Como nos dio una formación tan completa, la Compañía estaba muy bien preparada desde el punto de vista teatral. Los bailarines actuaban, cantaban, iban más allá del movimiento. Sobre todo estábamos preparados en lo psíquico y esto tiene mucho que ver con el cine. Es por eso que a mí incursionar en el cine no me costó trabajo, no me fue difícil adaptarme a ese lenguaje porque, de una u otra forma, también lo conocía.

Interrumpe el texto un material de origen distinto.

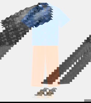 Printed Denim Bowling Shirt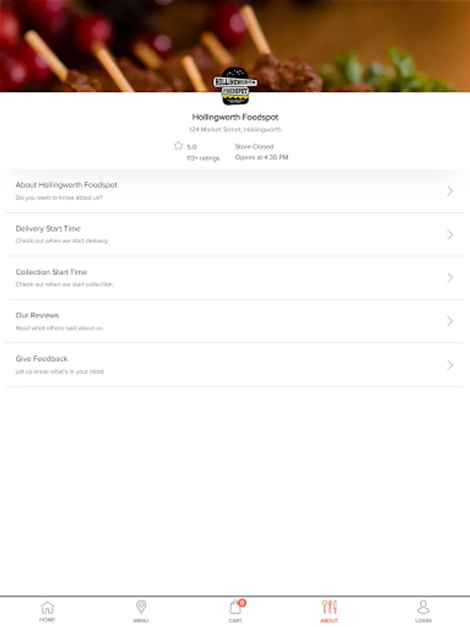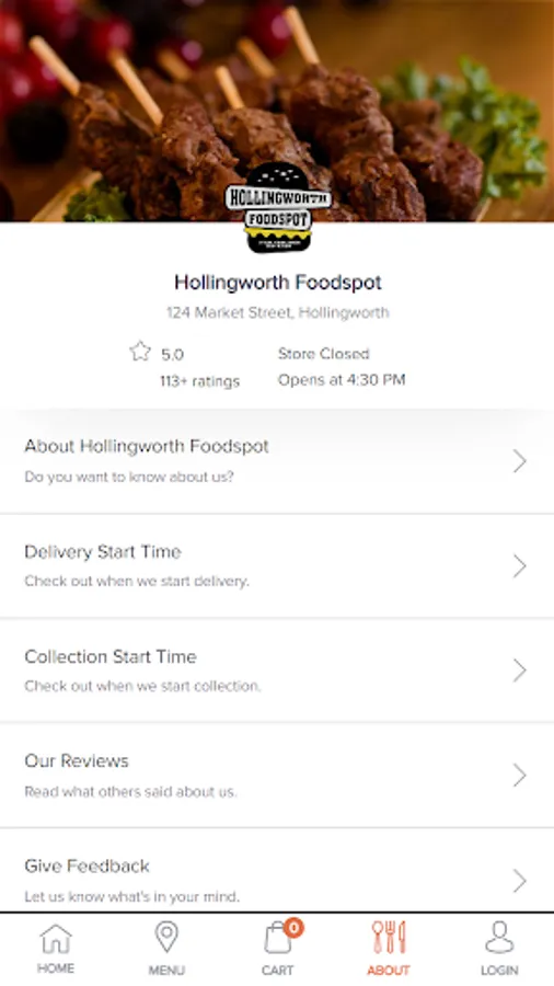 We're also available for ordering on http://kuick.com/order/hollingworth-foodspot and also on https://hollingworthfoodspot.com/storemenu

Impartí la primera clase al primer grupo de alumnos que luego integrarían la Cátedra de Danza Moderna del Instituto Superior de Arte y ese día Ramiro estaba entre el jurado. A pesar de que llevaba mucho tiempo como profesor, para mí fue como el primer día, no sé quién estaba más nervioso, si los alumnos o yo.

Las personas que estuvimos ligadas a la enseñanza en esa época heredamos sus concepciones. Eso que encontré con él es mi vida y no puedo apartarlo. La danza no es estática, pero, a pesar de que uno evolucione, debe buscar la manera de conservar esos elementos que aún tienen validez. Siempre utilizo este ejemplo: en el terremoto del 85, en México, se derrumbaron muchos edificios, pero al de Bellas Artes no le pasó nada porque tiene buenos cimientos. Con buenos cimientos uno puede construir encima la estructura que quiera. Por eso es importante que los bailarines de ahora conozcan las bases que sustentan su trabajo.

En nuestro tiempo no éramos universitarios ni teníamos tanto conocimiento de la anatomía como tienen ahora, pero las bases que nos enseñó Ramiro fueron muy sólidas. Por eso Danza Contemporánea trata de mantener esos cimientos, aunque sin limitar la creación coreográfica. No digo que los bailarines de nuestra compañía sean los mejores, pero tienen un diapasón mucho más amplio en cuanto a interpretación y ejecución.

Si he logrado llegar hasta el 2012 en esa compañía fue por el legado de Ramiro Guerra, eso no lo negaré jamás. Tengo mucho que agradecerle en mi vida, porque él me abrió el camino para llegar a ser lo que soy.